▶ _Supplied material_:
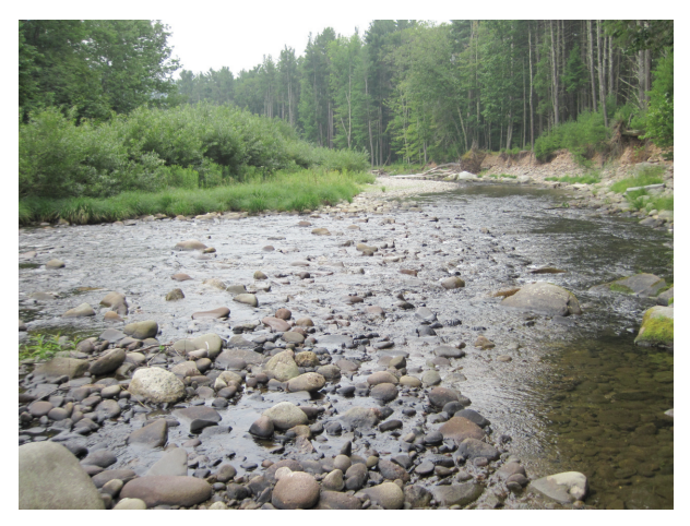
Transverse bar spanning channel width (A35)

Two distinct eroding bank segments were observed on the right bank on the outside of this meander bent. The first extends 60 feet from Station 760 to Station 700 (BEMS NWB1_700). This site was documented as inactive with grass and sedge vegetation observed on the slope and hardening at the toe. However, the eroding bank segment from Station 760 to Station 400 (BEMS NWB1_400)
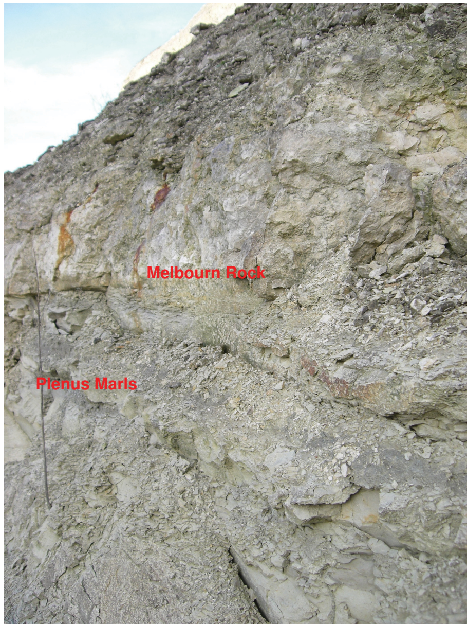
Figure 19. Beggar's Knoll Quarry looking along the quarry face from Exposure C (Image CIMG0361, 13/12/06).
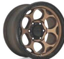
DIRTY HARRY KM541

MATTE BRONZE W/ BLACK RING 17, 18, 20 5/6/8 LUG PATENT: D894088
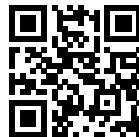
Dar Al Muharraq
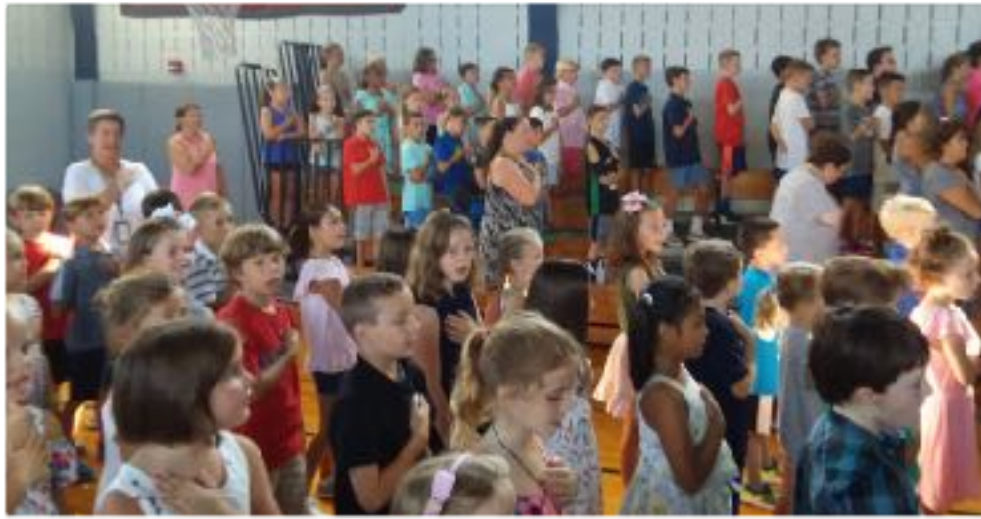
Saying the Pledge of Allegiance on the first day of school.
* * *
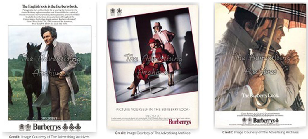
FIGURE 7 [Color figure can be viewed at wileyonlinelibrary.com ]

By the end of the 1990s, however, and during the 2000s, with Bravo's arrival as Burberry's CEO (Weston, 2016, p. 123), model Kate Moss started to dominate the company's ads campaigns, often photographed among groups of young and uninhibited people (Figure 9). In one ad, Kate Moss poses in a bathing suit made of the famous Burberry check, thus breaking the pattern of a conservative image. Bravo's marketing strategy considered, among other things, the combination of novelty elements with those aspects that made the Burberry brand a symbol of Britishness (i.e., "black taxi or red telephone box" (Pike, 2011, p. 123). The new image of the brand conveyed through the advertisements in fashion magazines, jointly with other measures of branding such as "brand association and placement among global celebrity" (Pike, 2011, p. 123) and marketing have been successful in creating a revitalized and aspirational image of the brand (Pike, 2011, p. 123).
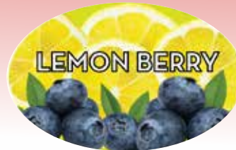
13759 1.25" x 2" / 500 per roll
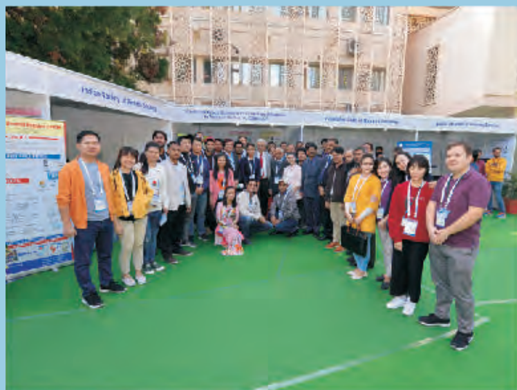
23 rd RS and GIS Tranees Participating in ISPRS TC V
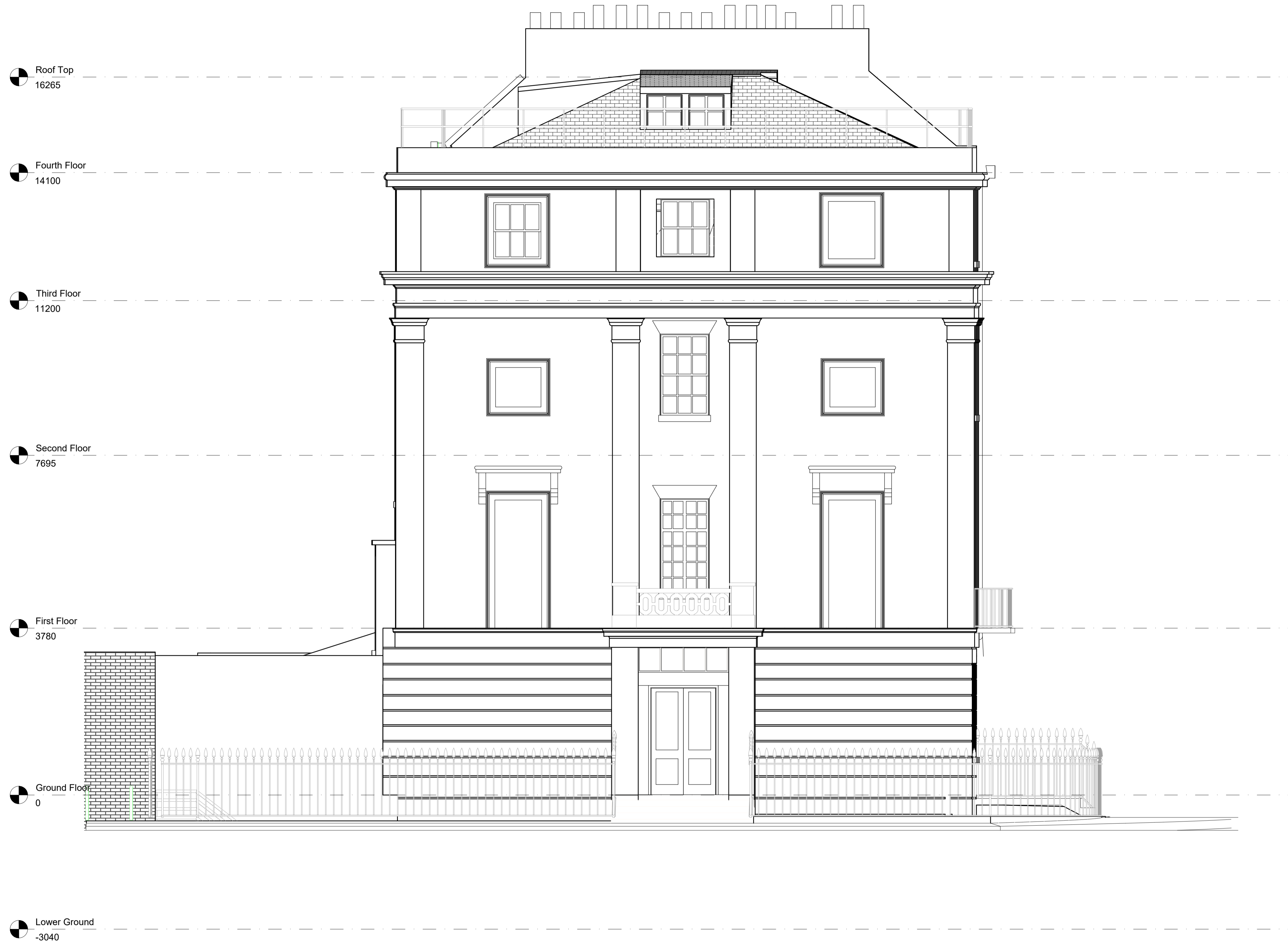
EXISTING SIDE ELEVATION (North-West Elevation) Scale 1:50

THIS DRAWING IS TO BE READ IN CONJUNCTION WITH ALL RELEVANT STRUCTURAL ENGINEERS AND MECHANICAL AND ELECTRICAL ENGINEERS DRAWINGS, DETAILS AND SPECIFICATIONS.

▶ _Exercise prompt_: Please return each line of the data above in which the word "first" occurs.

▶ _Solution_:
Two distinct eroding bank segments were observed on the right bank on the outside of this meander bent. The first extends 60 feet from Station 760 to Station 700 (BEMS NWB1_700). This site was documented as inactive with grass and sedge vegetation observed on the slope and hardening at the toe. However, the eroding bank segment from Station 760 to Station 400 (BEMS NWB1_400)
Saying the Pledge of Allegiance on the first day of school.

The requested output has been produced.